[Again, I’m] not sure why GPT2 wouldn’t have a shot [at] stracraft or dota. The most basic fully connected network you could write, as long as it has enough parameters and the correct training environment, has shot at starcraft2, dota… etc.
Moving has a lot of degrees of freedom, as do those domains. There’s also the issue of quick response time (which is not something it was built for), and it not being an economical solution (which can also be said for OpenAI’s work in those areas).
When things built for starcraft don’t make it to the superhuman level, something that isn’t built for it probably won’t.
It’s just that it will learn slower than something [built] for those specific cases.
The question is how long − 10 years? Solving chess via analyzing the whole tree would take too much time, so no one does it. Would it learn in a remotely feasible amount of time?
The question is how long − 10 years? Solving chess via analyzing the whole tree would take too much time, so no one does it. Would it learn in a remotely feasible amount of time?
Well yeah, that’s my whole point here. We need to talk about accuracy and training time !
If the GPT-2 model was trained in a few hours, and losses 99% of games vs a decision tree based model (ala deep blue) that was trained in a few minutes on the same machine, then it’s worthless. It’s exactly like saying “In theory, given almost infinite RAM and 10 years we could beat deep blue (or alpha chess or whatever the cool kids are doing nowadays) by just analyzing a very large subset of all possible moves + combinations and arranging them hierarchically”.
So you think people should only be afraid/excited about developments in AGI that
1) are more recent than 50 to arguably 6 years ago
2) could do anything/a lot of things well with a reasonable amount of training time?
3) Or that might actually generalize in the sense of general artificial intelligence, that’s remotely close to being on par with humans (w.r.t ability to handle such a variety of domains)?
In regards to 1), I don’t necessarily think that older developments that are re-emerging can’t be interesting (see the whole RL scene nowadays, which to my understanding is very much bringing back the kind of approaches that were popular in the 70s). But I do think the particular ML development that people should focus on is the one with the most potential, which will likely end up being newer. My grips with GPT-2 is that there’s no comparative proof that it has potential to generalize compared to a lot of other things (e.g. quick architecture search methods, custom encoders/heads added to a resnet), actually I’d say the sheer size of it and the issue one encounters when training it indicates the opposite.
I don’t think 2) is a must, but going back to 1), I think that training time is one of the important criterions to compare the approaches we are focusing on. Since training time on a simple task is arguably the best you can do to understand training time for a more complex task.
As for 3) and 4)… I’d agree with 3), I think 4) is too vague, but I wasn’t trying to bring either point across in this specific post.
Moving has a lot of degrees of freedom, as do those domains. There’s also the issue of quick response time (which is not something it was built for), and it not being an economical solution (which can also be said for OpenAI’s work in those areas).
When things built for starcraft don’t make it to the superhuman level, something that isn’t built for it probably won’t.
The question is how long − 10 years? Solving chess via analyzing the whole tree would take too much time, so no one does it. Would it learn in a remotely feasible amount of time?
Well yeah, that’s my whole point here. We need to talk about accuracy and training time !
If the GPT-2 model was trained in a few hours, and losses 99% of games vs a decision tree based model (ala deep blue) that was trained in a few minutes on the same machine, then it’s worthless. It’s exactly like saying “In theory, given almost infinite RAM and 10 years we could beat deep blue (or alpha chess or whatever the cool kids are doing nowadays) by just analyzing a very large subset of all possible moves + combinations and arranging them hierarchically”.
So you think people should only be afraid/excited about developments in AGI that
1) are more recent than 50 to arguably 6 years ago
2) could do anything/a lot of things well with a reasonable amount of training time?
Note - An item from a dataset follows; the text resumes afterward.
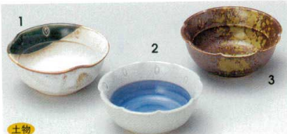
1 74-1-1B 260円 志野三彩珍味入 200入 8.8×3.6cm 2 74-2-1B 260円 呉須巻花ごよみ珍味 200入 9×3.5cm 3 74-3-1B 260円 南蛮吹珍味 200入 9×3.5cm

3) Or that might actually generalize in the sense of general artificial intelligence, that’s remotely close to being on par with humans (w.r.t ability to handle such a variety of domains)?
4) Seem actually agent-like.
In regards to 1), I don’t necessarily think that older developments that are re-emerging can’t be interesting (see the whole RL scene nowadays, which to my understanding is very much bringing back the kind of approaches that were popular in the 70s). But I do think the particular ML development that people should focus on is the one with the most potential, which will likely end up being newer. My grips with GPT-2 is that there’s no comparative proof that it has potential to generalize compared to a lot of other things (e.g. quick architecture search methods, custom encoders/heads added to a resnet), actually I’d say the sheer size of it and the issue one encounters when training it indicates the opposite.
I don’t think 2) is a must, but going back to 1), I think that training time is one of the important criterions to compare the approaches we are focusing on. Since training time on a simple task is arguably the best you can do to understand training time for a more complex task.
As for 3) and 4)… I’d agree with 3), I think 4) is too vague, but I wasn’t trying to bring either point across in this specific post.